Part of the Free Syrian Army has been seduced by Islamist extremists. The famous video of a rebel commander eating the heart of a government soldier demonstrates vividly that we have now gone beyond the point where it was only Assad's troops who were committing war crimes.
This mess is only going to get worse. The Telegraph's correspondents ponder the very real possibility that the country may settle into an uncomfortable, permanent patchwork of rebel areas, practically independent Kurdish zones and Assad loyalist areas - with fighting flaring up at the rough borders, and likely insurgencies run by each group in each others' sectors. In short, Syria is on the road to becoming a failed state, with Al Qaeda allies given free rein in parts of its territory.
This was not inevitable.
Of course, it didn't work out that way. Judicious intervention led by NATO prevented Government troops assaulting Benghazi and carrying out a possible massacre, put a stop to airstrikes on civilians and ultimately allowed the rebels to topple Gaddafi. The resultant country is far from perfect, but it is a) still a viable nation, not a fractured and failed state and b) battling to rid itself of a relatively small taint of extremism, not a helpless host to Al Qaeda-run badlands.

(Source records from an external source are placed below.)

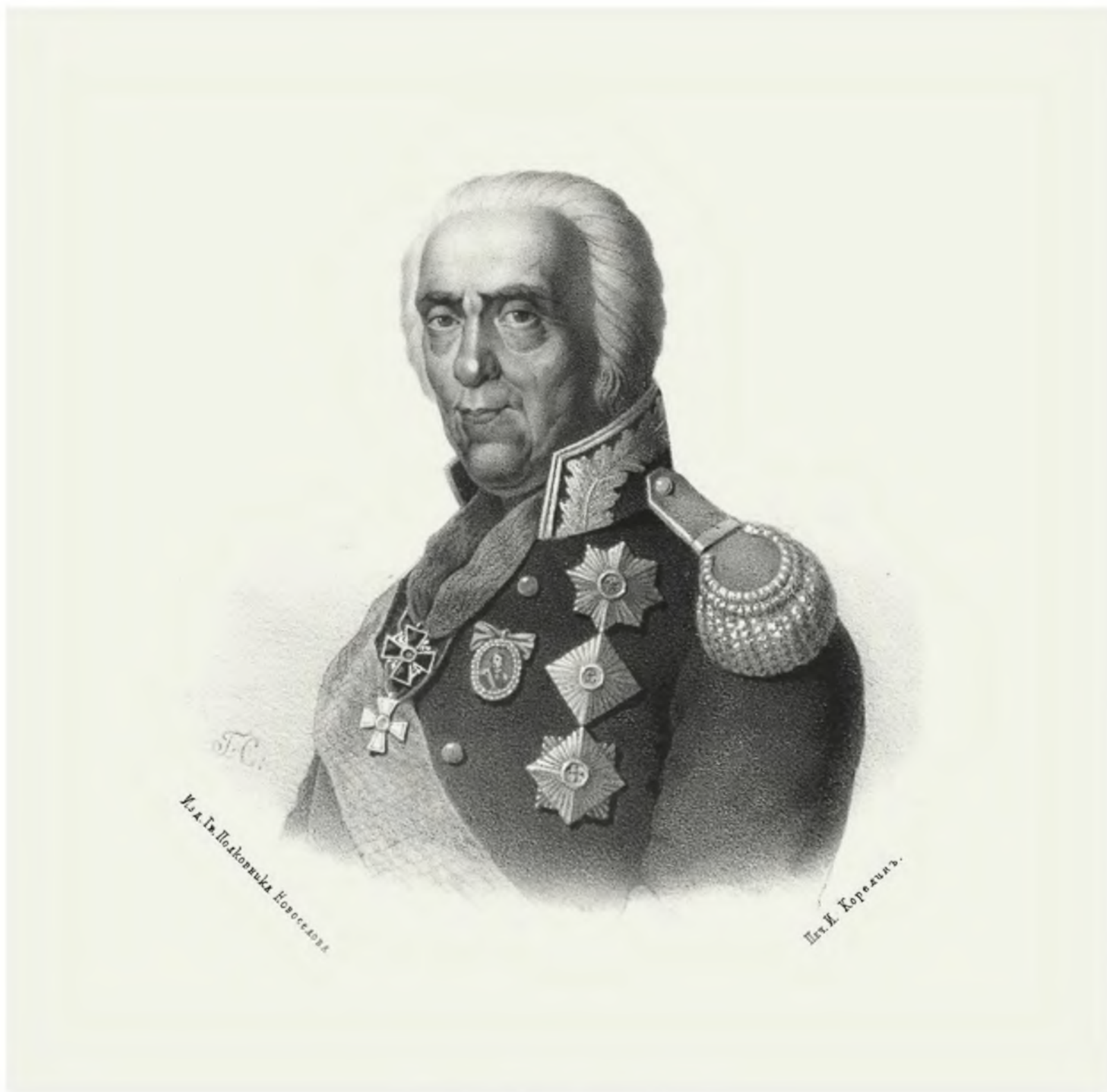
Графъ Иванъ Васильевичъ ГУДОВИЧЪ.
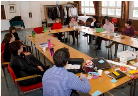
OPTIMISATION DU PROCESSUS DE GESTION DES FORMATIONS DU PLAN DE DÉVELOPPEMENT DES RESSOURCES HUMAINES (PDRH)
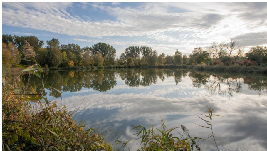
Bruckmahdseen bei Schwenningen
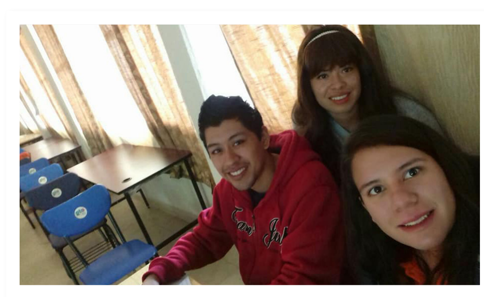
Imagen 2. Miembros del equipo LANAYSA-OUSANEG.
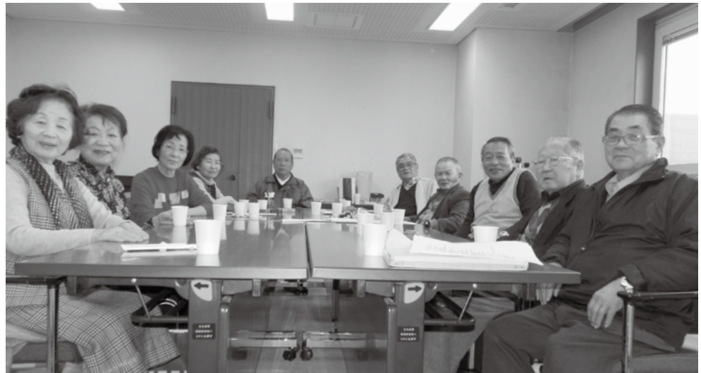
2月24日(火) 茶話会にて
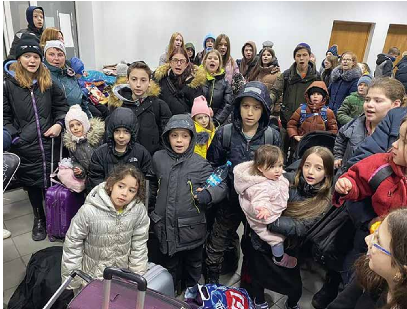
Barnen från barnhemmet i staden Zhytomyr vid gränsen till Ukraina, på väg till Israel.

judarnas förtryckare från deras ansvar." – Som jag redan har sagt, inget krig idag är Förntelsen och inte heller som Förntelsen. Användningen av Förntelsen av judiska folket som en politiskt slagträ måste stoppas omedelbart, fortsatte han.
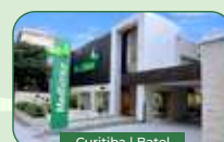
Curitiba | Batel
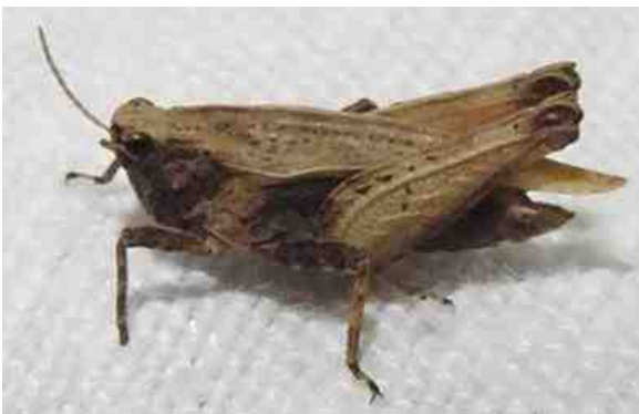
Het gewoon doortje
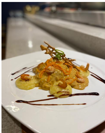
Figura 01. Pirá de Foz no Restaurante Trapiche

O restaurante Trapiche traz a sua versão com peixe surubim, molho cremoso de camarões, purê de batatas e arroz com espinafre (servido à parte) e custa R$122,00 (cento e vinte e dois reais). O prato serve duas pessoas, segundo o chef de cozinha do restaurante, William Diego de Oliveira. Frisa-se que neste estabelecimento o prato foi incluído no cardápio há poucos meses, demonstrando assim a escassez da oferta do produto na cidade de Foz do Iguaçu.
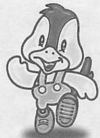
阿知須町イメージキャラクター 「コッコちゃん」
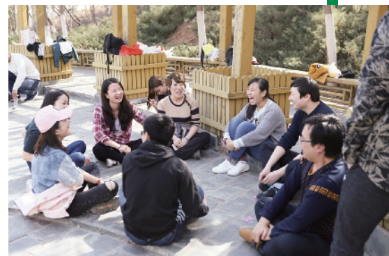
工会组织职工爬山郊游
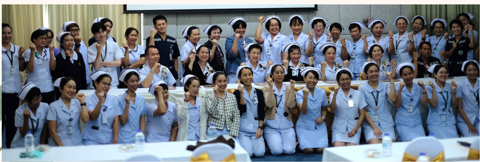
ภาพบรรยากาศงานตามรอยคุณด้าแข่งประสมการณ์ งานการพยาบาลผู้ป่วยนอกและผู้ช่วยฉุกเฉิน 7 สิงหาคม 2566 ณ ห้องประชุมเล็ก ชั้น15 อาคารเฉลิมพระบารมี
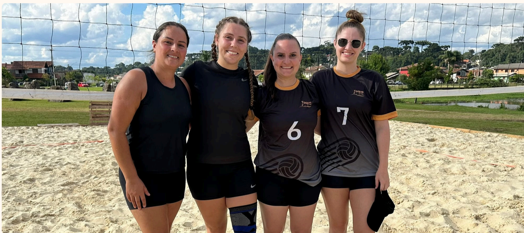
2º e 1º lugar - Vôlei Feminino

Ao final das competições, os atletas elogiaram o formato do torneio e destacaram a qualidade do local escolhido para as disputas. A cancha de vôlei de areia instalada especialmente para o evento permanecerá no Parque do Lago, disponível para uso da comunidade, promovendo ainda mais integração e prática esportiva entre os moradores.
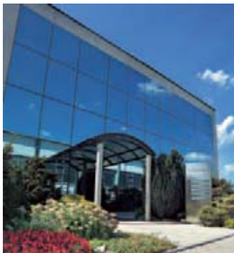
Feiert ihr 40-jähriges Bestehen: die Firma Cereser Marmi Graniti

Auf dem um 1 000 m 2 erweiterten Firmengelände werden neuerdings auch Materialien in Gelbtönen gezeigt. Die Natursteine von Cereser werden in über 30 Länder exportiert. Weltweit suchen erfahrene Mitarbeiter die Materialien aus. Auf der Marmomacc wird Cereser mit Besuchern und Kunden das Jubiläum feiern.
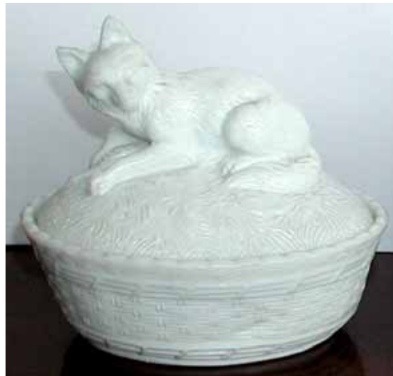
Abb. 2003-4/093 Deckeldose als Fuchs auf einem Korb opak-weißes Pressglas, H 11,5 cm, D 13 cm Sammlung Fehr Hersteller unbekannt, Frankreich, Deutschland, USA, um 1900
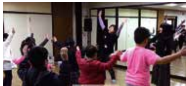
まなぼーと 縁日開催！ダンスコーナーで大盛り上がり！
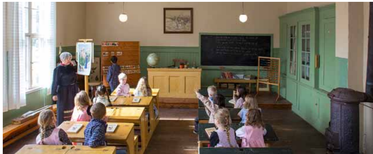
På Backens skola i Örby kan skolbarn idag få prova på hur det var att vara skolbarn under 1900-talets början.
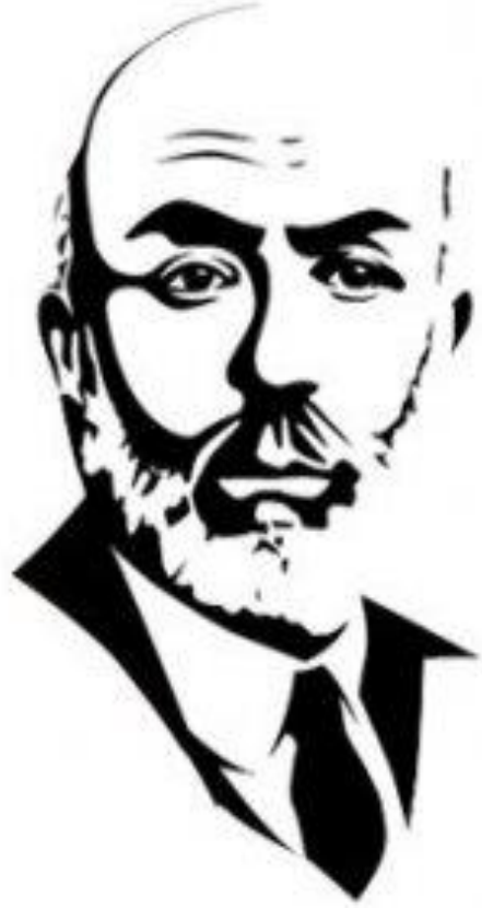
Mehmet Akif ERSOY

Dalgalan sen de şafaklar gibi ey şanlı hilal! Olsun artık dökülen kanlarımın hepsi helal. Ebediyen sana yok, ırkıma yok izmihlal: Hakkıdır, hür yaşamış, bayrağımın hürriyet; Hakkıdır, hakk'a tapan, milletimin istiklal!
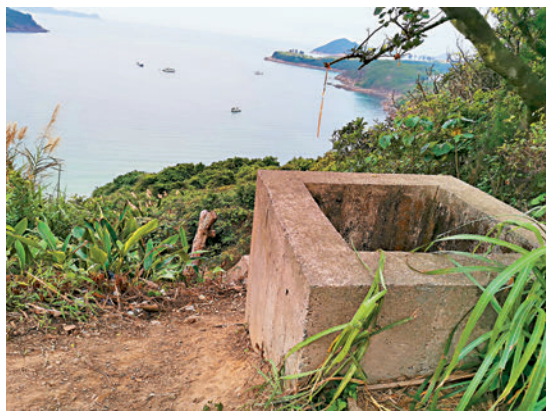
▲前往扭紋洞的下山路口石井位。
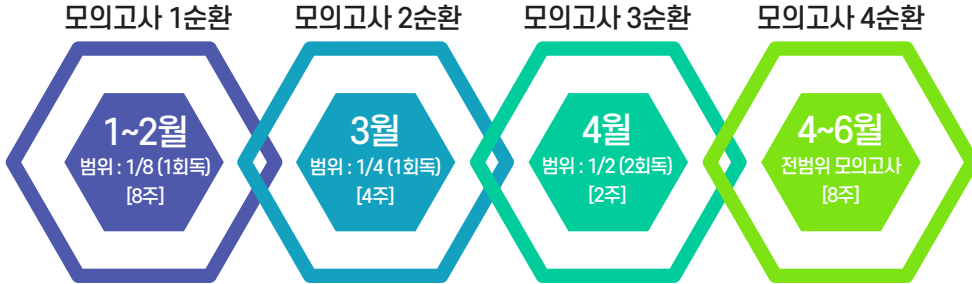
2차 모의고사반 운영과정
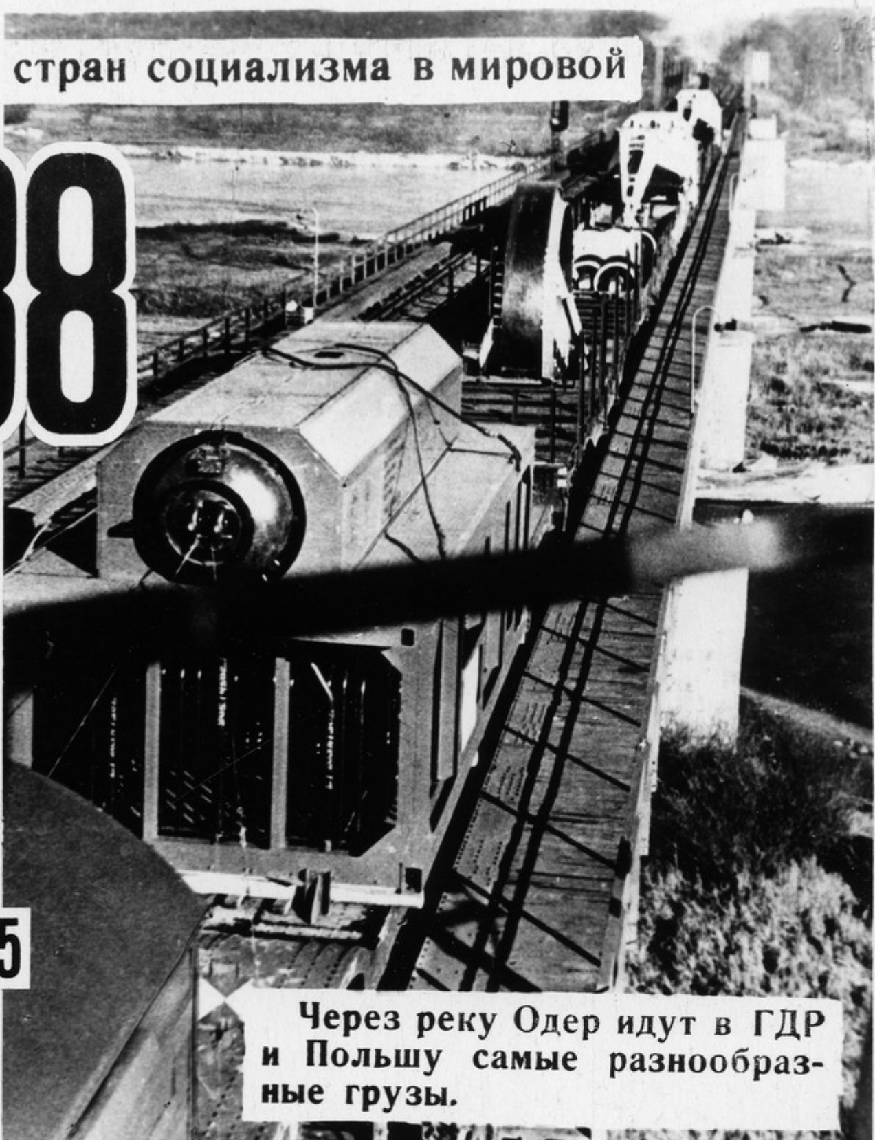
Через реку Одер идут в ГДР и Польшу самые разнообразные грузы.

СССР производит 20% мировой промышленной продукции.
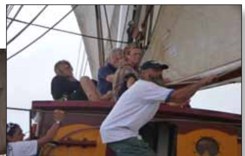
Crew en trainees aan het werk
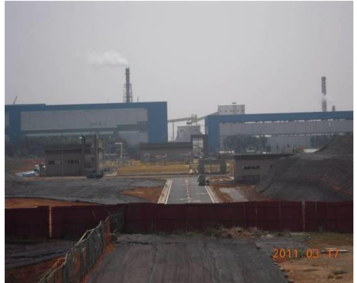
圖2-2 污水處理廠一期一階工程
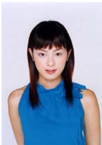
(〇〇 せんせい 先生の かのじょ 彼女に…)
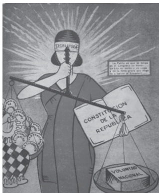
Figura 6. Portada Revista Cocoricó.

que saltan a la vista, máxime si se trata de imágenes de políticos, de gobiernos en crisis o problemáticas sociales y económicas.

For British interests, today's Libya is far preferable to the grim likelihood of tomorrow's Syria. The major difference between the two stories is clear: in the former, we and other powers helped to unseat the tyrant in question, while in the latter we have stayed well clear as the Ba'athist regime has pursued mass slaughter.
The uncomfortable truth is that the Syrian disaster has unfolded this way because we allowed it to.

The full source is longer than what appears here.